Ненависть — страница 105 из 124

Фешка, переводя дыхание, стараясь казаться совершенно спокойной, обернулась назад и вдруг, вся похолодев, узнала точно выросшую из-под земли прямую рослую фигуру Иннокентия Окатова.

— Я извиняюсь, Феша… — глухо заговорил Иннокентий, приближаясь вплотную к девушке.

— Ах, это ты! — и удивленно и в то же время как бы разочарованно протянула Фешка и, тут же отвернувшись от него, не спеша пошла своей дорогой.

Но Иннокентий, настигнув ее, схватил за руку..

— Пусти, — дрогнувшим от злобы голосом воскликнула Фешка. Но тут, мельком взглянув на Иннокентия, она заметила холодно блеснувшее в лунном свете дуло пистолета, торчавшего в боковом кармане френча Иннокентия. «Убьет он меня!» — убежденно подумала Фешка с какой-то холодной, трезвой рассудительностью. И она снова остановилась.

— Вот что, друг. Ты меня лучше не тронь. Лучше не тронь. Лучше не прикасайся ко мне. Лучше не прикасайся… — запальчиво забормотала она, плохо соображая ₽ эту минуту, что говорит.

— Понимаю. Понимаю. Я все понимаю. Но я извиняюсь. Разрешите мне с вами поговорить… — все тем же приглушенным, торопливым голосом продолжал Иннокентий.

И Фешка, покусывая губы, решила взять себя в руки. Она поняла, что ей не годится сейчас теряться, выказывать робость, что надо держаться как можно увереннее, какой бы ценой внешнее спокойствие в этот момент ни давалось.

— Разговаривать мы с тобой будем не здесь, а в другом, подходящем месте, — сказала Фешка.

— Почему же не здесь? Именно здесь. Нас здесь никто не слышит, — шепотом настаивал Иннокентий.

— А я хочу, чтобы нас с тобой все слышали! — вызывающе проговорила Фешка. — Вот именно, чтобы все слышали. Пусть все слышат и знают, какая ты сволочь.

— Ну-ну-ну! Не кричать. Не кричать, красавица, — криво усмехнувшись, сказал Иннокентий, пытаясь схватить Фешку за руку.

Но Фешка, брезгливо отпрянув назад, спрятала руки за спину, презрительно глядя в лицо Иннокентию мерцающими в призрачном лунном свете глазами.

Внешнее ее спокойствие, видимо, обезоруживало Иннокентия. Он стоял перед ней, не смея двинуться с места. Предельно возбужденный, терявший последнее самообладание, Иннокентий твердил одно и то же:

— Ты должна меня выслушать. Я должен поговорить с тобой. Только здесь и нигде больше. Сейчас или никогда. Ва-банк иду.

— Это с битой-то картой?!

— Я своих карт тебе не открывал:

— А они у тебя крапленые, вижу!

— Не тот разговор ведете вы со мной, извиняюсь, Феша. Не за того меня принимаете вы с Романом и вообще все… ваши.
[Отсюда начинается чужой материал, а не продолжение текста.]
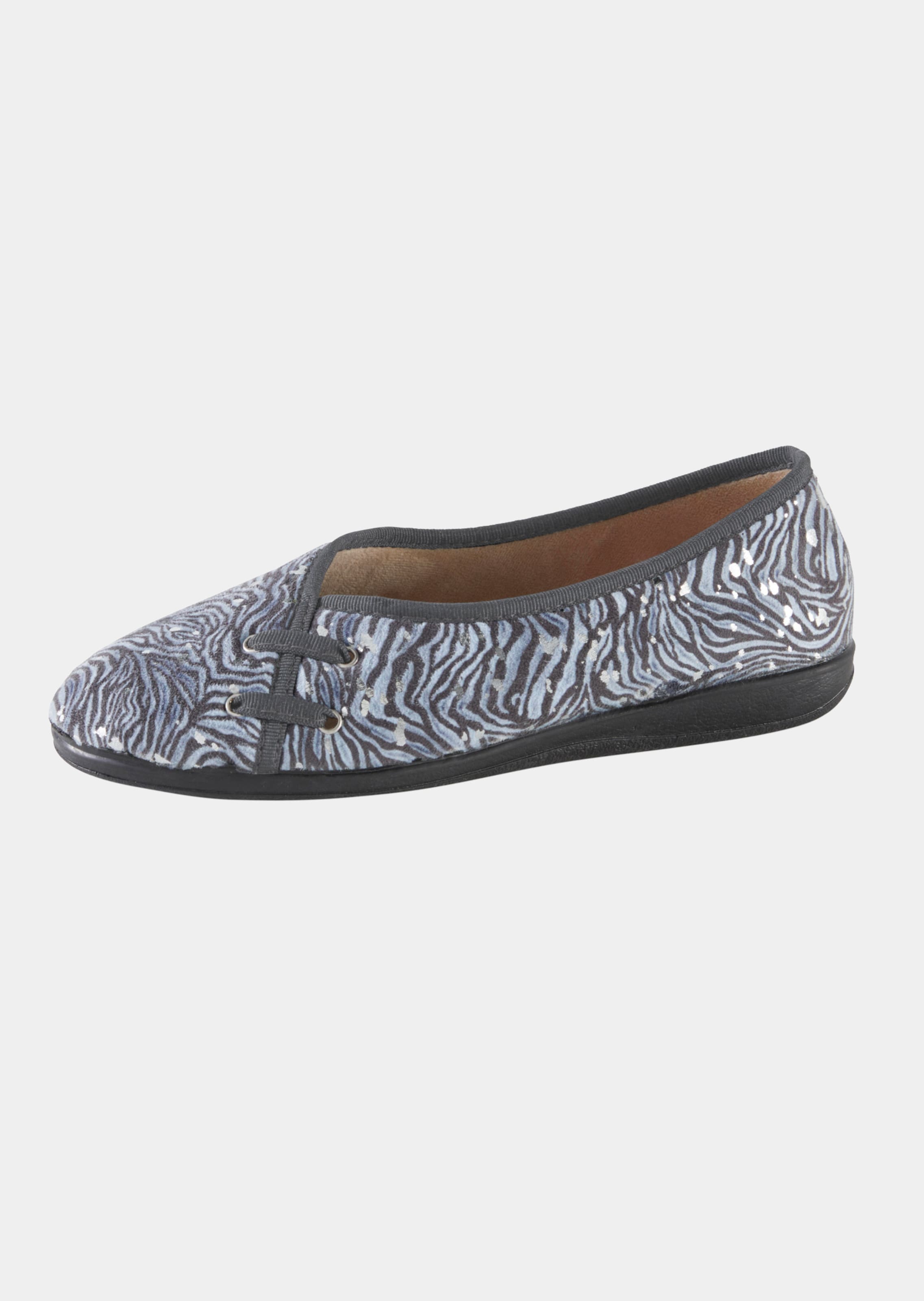 Hausschuhe in F-Weite im charakteristischen Animal Print – ein Muss für modebewusste Frauen, die auch zu Hause Stilbewusstsein zeigen wollen! Besonders schick sind die Schnüroptik und die metallischen Glanzdetails, die das Zebra-Dessin zieren. In femininer Ballerinaform, die sich schlanken Füßen optimal anpasst. Aus Textil, mit rutschsicherer Laufsohle aus Kautschuk.
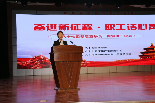 为凝聚基层职工奋进力量,推动党的理论与团场发展实践深度融合,10月24日,八十七团成功举办“奋进新征程 f职工话心声”基层宣讲员“微宣讲”比赛,来自全团各党支部的18名参赛选手同台竞技,以小切口讲述大主题,用真心话传递新使命。

— Сам себя с головой выдаешь, голубчик. Только как ты ни крути, ни верти, а песенка ваша спета. Не удастся вам народ одурачить. Ты в меня собрался стрелять? Ну, убьешь. А потом что? Всех нас перебить у вас пулеметов нету. А с этой пушкой, что у тебя в кармане торчит, много с нами не навоюешь! — сказала с усмешкой Фешка, чувствуя, что своей волей и самообладанием она с каждым словом все больше и больше берет верх над утратившим былой злобный пыл и решимость Иннокентием.

— Поймите меня. Я остался один, как столб, в пустынных пространствах данной местности. И со мной двенадцать апостолов, двенадцать проповедников кулацкого счастья, во главе с моим идиотом-папашей. Я, как бывший боец Красной Армии, хотел перевоспитать этих дураков трудом в социалистическом секторе нашей артели. Я полагал, что коллективная жизнь в «Сотруднике революции» пойдет этим кулацким остолопам на пользу и они дружно станут строить у нас на хуторе социализм. Но я убедился, что это — волки. Сколько их ни корми, они, фигурально выражаясь, все в лес смотрят. Признаю данную свою ошибку в порядке самокритики перед вами, Феша! — сказал Иннокентий и, скорбно вздохнув, покорно поникнул.

— Хитер! — сказала Фешка, не сводя глаз с Иннокентия.

— Не верите мне? Понимаю. Трудно поверить.

— Верю всякому зверю, даже ежу, а тебе нет — погожу!

— Дело ваше. Только одно вам скажу на прощание. Немало воды утекло за канувшее в вечность быстротекущее время. Немало я понял и пережил, находясь в рядах Рабоче-Крестьянской Красной Армии. Не таким вы знавали раньше меня, гражданка Сурова. А теперь я не тот. И сознание не то имею. Перековала меня Красная Армия. Загляните поглубже в душу ко мне — увидите!

— Уж больно темно в ней у тебя, как в бросовом колодце… И вообще хватит нести околесицу, зубы мне заговаривать, на ночь глядя. Говори толком, что тебе надо от меня. Я тороплюсь. Мне некогда, — скороговоркой проговорила Фешка.

Как хотелось ей сейчас убежать от него без оглядки прочь, в степь, туда — к своим ребятам на полевой стан! Но она не могла бежать от него, как нельзя никогда убегать человеку при внезапной встрече один на один с хищным зверем, ибо зверь не преминет тогда, ринувшись вдогонку за жертвой, в мгновение ока смять и растерзать ее. И Фешка знала, что, побеги она прочь сию минуту от Иннокентия, он не промажет, выстрелив ей в спину!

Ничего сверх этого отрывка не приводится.